Open luisnaranjo733 opened 5 years ago

luisnaranjo733 commented 5 years ago

3 react lifecycle methods are being gradually deprecated because they cause confusion and get misused often

componentWillMount componentWillReceiveProps componentWillUpdate There are 2 new lifecycle methods intended to "replace" these methods going forward

getDerivedStateFromProps getSnapshotBeforeUpdate Here is the migration path set out by the react team

react@16.3: Add an "UNSAFE_" alias for each of these 3 lifecycle methods (both the original method and the alias will work) react@16.6+: We will start to get a deprecation warning if we use one of the deprecated methods listed above react@17: Original deprecated methods will stop working. The UNSAFE alias will continue to work for the foreseeable future, but we should not use them in new code and make an effort to gradually replace them. More info on why this happened and what it means in this React blog post.

Here is what I think ReactXP should do

erictraut commented 5 years ago

There has already been some discussion of this in issue #605.

Never mind, I see you linked to this issue.

luisnaranjo733 commented 5 years ago

Yes, the reason I opened a new issue is that the previous discussion proposed going straight from the deprecated methods to the new cool thing (skipping the back compat layer that react provided).

I believe that the UNSAFE_* methods can be a good way to meet in the middle and support as many versions of react as possible.

erictraut commented 5 years ago

Yeah, this sounds like a good approach.

fbartho commented 5 years ago

Now that we're working on ReactXP 2.0 with some breaking changes re: React-Native extracting some dependencies, maybe we should try to prioritize this work?

Also, related to upgrading, react-native 60 support is going to be rough, maybe that should roll in with this work too? -- Ticket: #1123

Thoughts?

erictraut commented 5 years ago

That's a reasonable point. @deregtd & @berickson1 - any strong opinions on this?

deregtd commented 5 years ago

I think this is the right approach. We still need to figure out what to do about ReSub, though. Moving to the deprecated names only staves off the inevitable problem over there.

fbartho commented 5 years ago

We cut ReSub from our repository -- Is it used somewhere in ReactXP Core?
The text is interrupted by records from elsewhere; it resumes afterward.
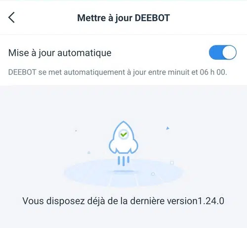 L'application Ecovacs Home peut vous permettre de mettre à jour votre Deebot, tout en sachant qu'il l'a peut être déjà fait tout seul : les mises à jour automatiques sont activées par défaut et sont réalisées la nuit. "Nous avons proactivement envoyé la mise à jour à tous les utilisateurs.", précise Ecovacs. Néanmoins, il est préférable de le vérifier par vous-même en accédant aux paramètres de l'application.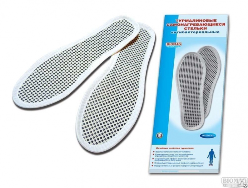 Оздоровительный эффект от применения стелек достигается за счет воздействия ткани, содержащей кристаллы турмалина диаметром 3мм, и основы из вспененного каучукового латекса.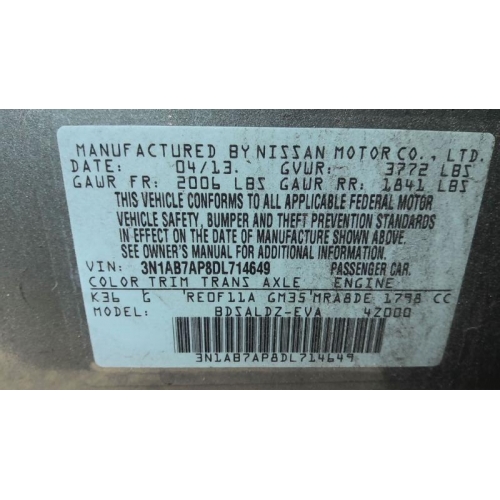 Used 2013 Nissan Sentra Parts Car - Silver with black interior, 4cyl engine, automatic transmission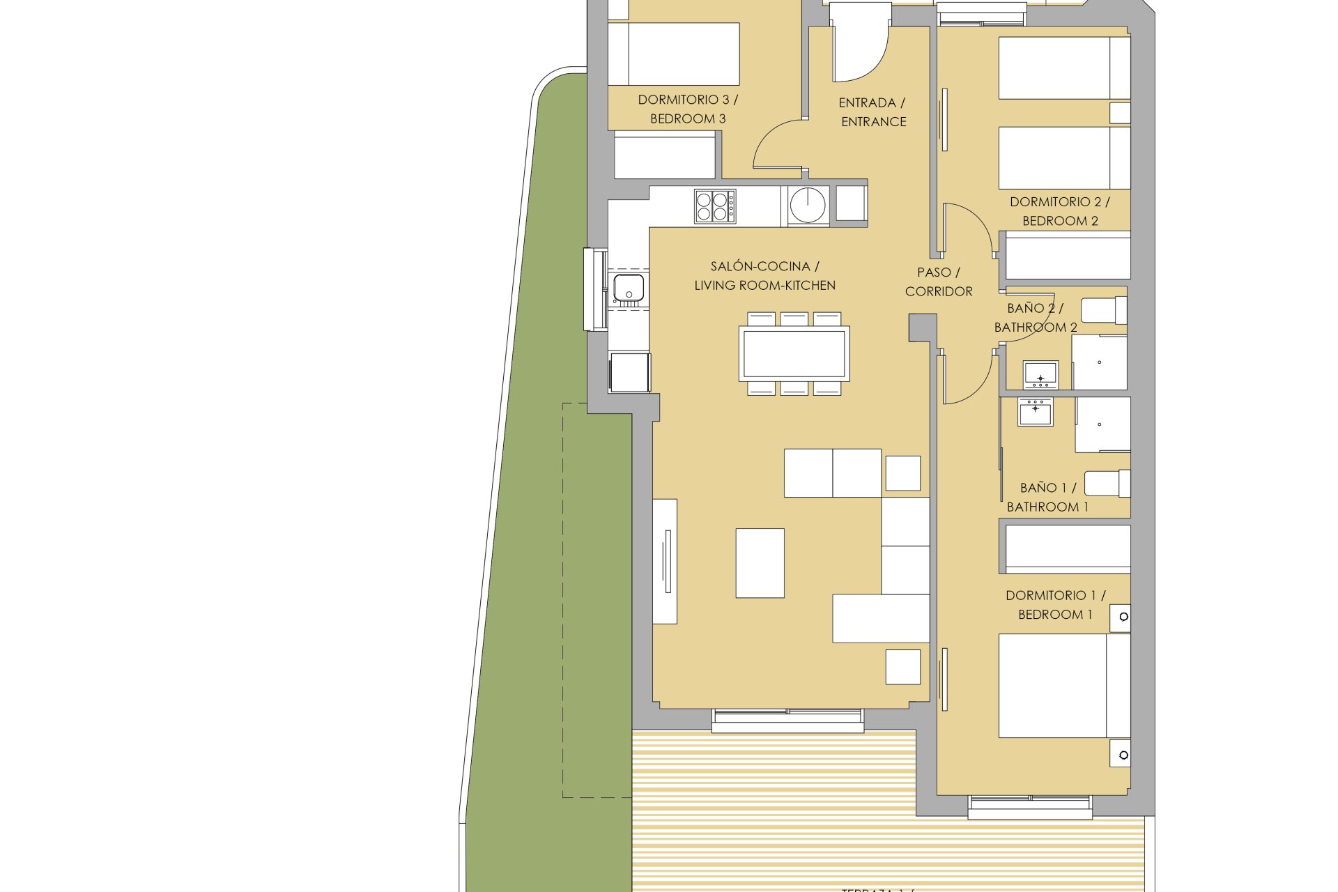 The exteriors of these homes are designed to maximize enjoyment of the Mediterranean climate. Each property features a terrace, ideal for outdoor relaxation or al fresco dining. Additionally, some types include a solarium, providing extra space for sunbathing or creating a private resting area. Gardens, present in certain configurations, offer a touch of nature and a perfect space for outdoor activities. The inclusion of pergolas in the exteriors adds an element of shade and style, allowing enjoyment of the outdoors even on the sunniest days.

berickson1 commented 5 years ago

I'm pro going through the migration. I don't think reactxp relies heavily on any of the deprecated lifecycle methods

berickson1 commented 5 years ago

ReSub isn't part of the reactxp core - it's used by a bunch of the examples and internal projects that use reactxp. It's been on our list of things to address in the near future but orthogonal to this specific issue

fbartho commented 5 years ago

I did a quick analysis some months ago, and it all looked doable, just a bit of a chore: https://github.com/microsoft/reactxp/issues/605#issue-316964212

erictraut commented 5 years ago

The reason we didn't do the migration previously is because we wanted to retain backward compatibility with versions of react that didn't support the new replacement lifecycle methods. ReactXP 2.0 is introducing an incompatibility with older versions of RN, so it's reasonable that we will sever compatibility with old versions of react as well.

mikehardy commented 5 years ago

Only chiming in to say I use ReSub in my project as well (very useful!), so as far as I can provide confirmation things work with RCs etc, I will be fairly regularly pulling whatever you guys generate, integrating it, and reporting whatever. Or you can ping me if you want confirmation, happy to help

fbartho commented 5 years ago

Relatedly, React 16.9 which hit stable release today moves these deprecated methods to UNSAFE_ (Specifically: componentWillMount componentWillReceiveProps componentWillUpdate)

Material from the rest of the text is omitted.